There aren't a lot of teeth to regulations for responsible battery disposal. Even in countries with healthy recycling programs. If I threw all my old cell phone batteries into landfill today, I could safely gamble with any punishment risked.

Now add unspent fire suppressant to the list of things that go in the garbage with last year's cell phone?


Halogenated fire retardants are some of the worst persistent organic pollutants, so like you I looked up triphenyl phosphate to see if it's likely to become a problem in its own right. It looks pretty safe to me when you consider all factors.
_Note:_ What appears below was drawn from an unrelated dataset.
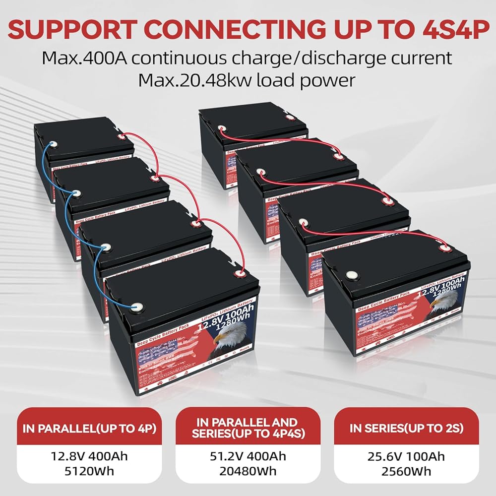 • 【يمكن توصيل اتصالات بطاريات LifePo4 ذات السعة العليا】 12V 100ah LifePo4 بالتوازي أو سلسلة لسعة أكبر. يُسمح للتوسع إلى 4s أو 4p بالحصول على سعة أقصى قدرها 400ah أو جهد أقصى قدره 48 فولت (51.2 فولت) .12V 100ah LifePo4 Lithium Batteries لديها مجموعة واسعة من الاستخدامات للربح ، وطاقة النسخ الاحتياطي ، والأنظمة الشمسية المنزلية خارج الشبكة ، والإضاءة. 12.8V 100AH الإصدار المصغر البطارية مناسبة لمحرك التصيد 30-70 رطل.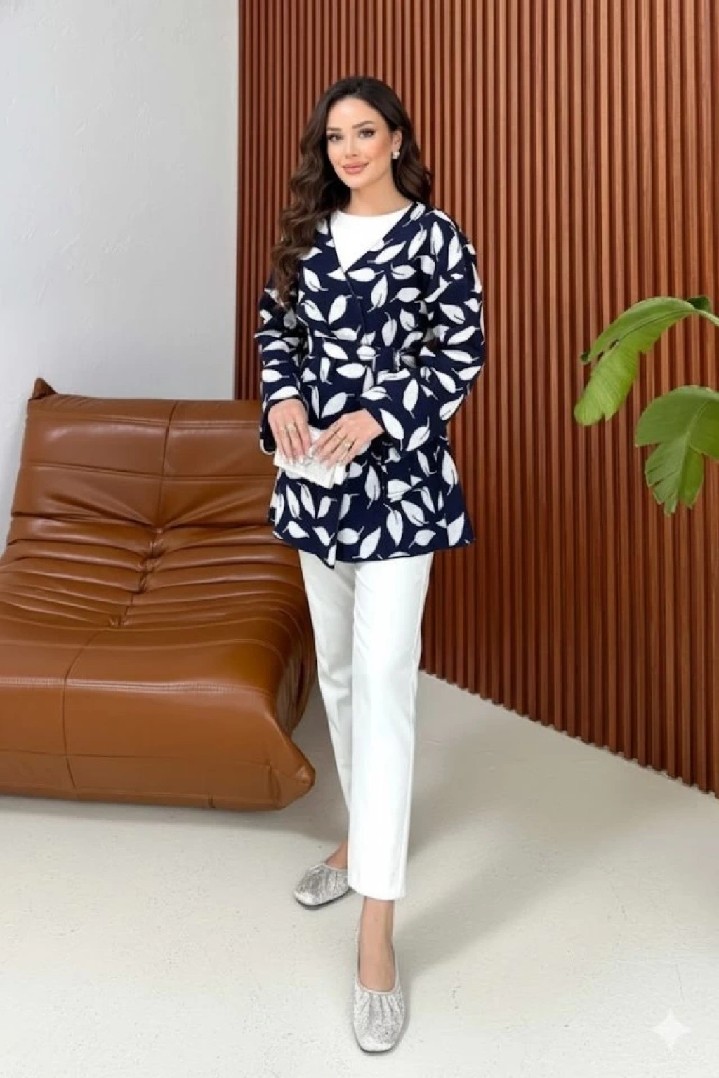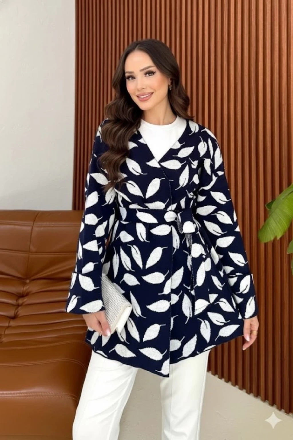 Kadın Uzun Kollu Kadın Uzun Kollu Yaprak Desen Kuşak Dahil Hırka

In active batteries triphenyl phosphate remains separated from humans. In proper recycling processes it remains separated from humans. In improperly landfilled batteries it can escape containment, but it has negligible vapor pressure at ambient temperatures so it won't spread by air. It rapidly biodegrades in the presence of water so it won't lead to human exposure through waterways or groundwater plumes if a landfill leaks.


I could understand this for larger batteries, I'd hate to see the damage a Powerwall or something similar could do when someone lets the work experience kid do QA for a few hours.



"If a lithium-ion battery cell charges too quickly or a tiny manufacturing error slips through the net it can result in a short circuit - which can lead to fire."

How about solving the obvious problems?


So, guarantee 100% reliability forever? Sounds obvious, but is it easy, or even possible?

Better to stop the reaction in its tracks and allow the engineers to see where things go wrong than to assume the battery will always work. I'm sure the engineers behind the Boeing 787 and the Galaxy Note 7 also believed with confidence that their batteries would be fine.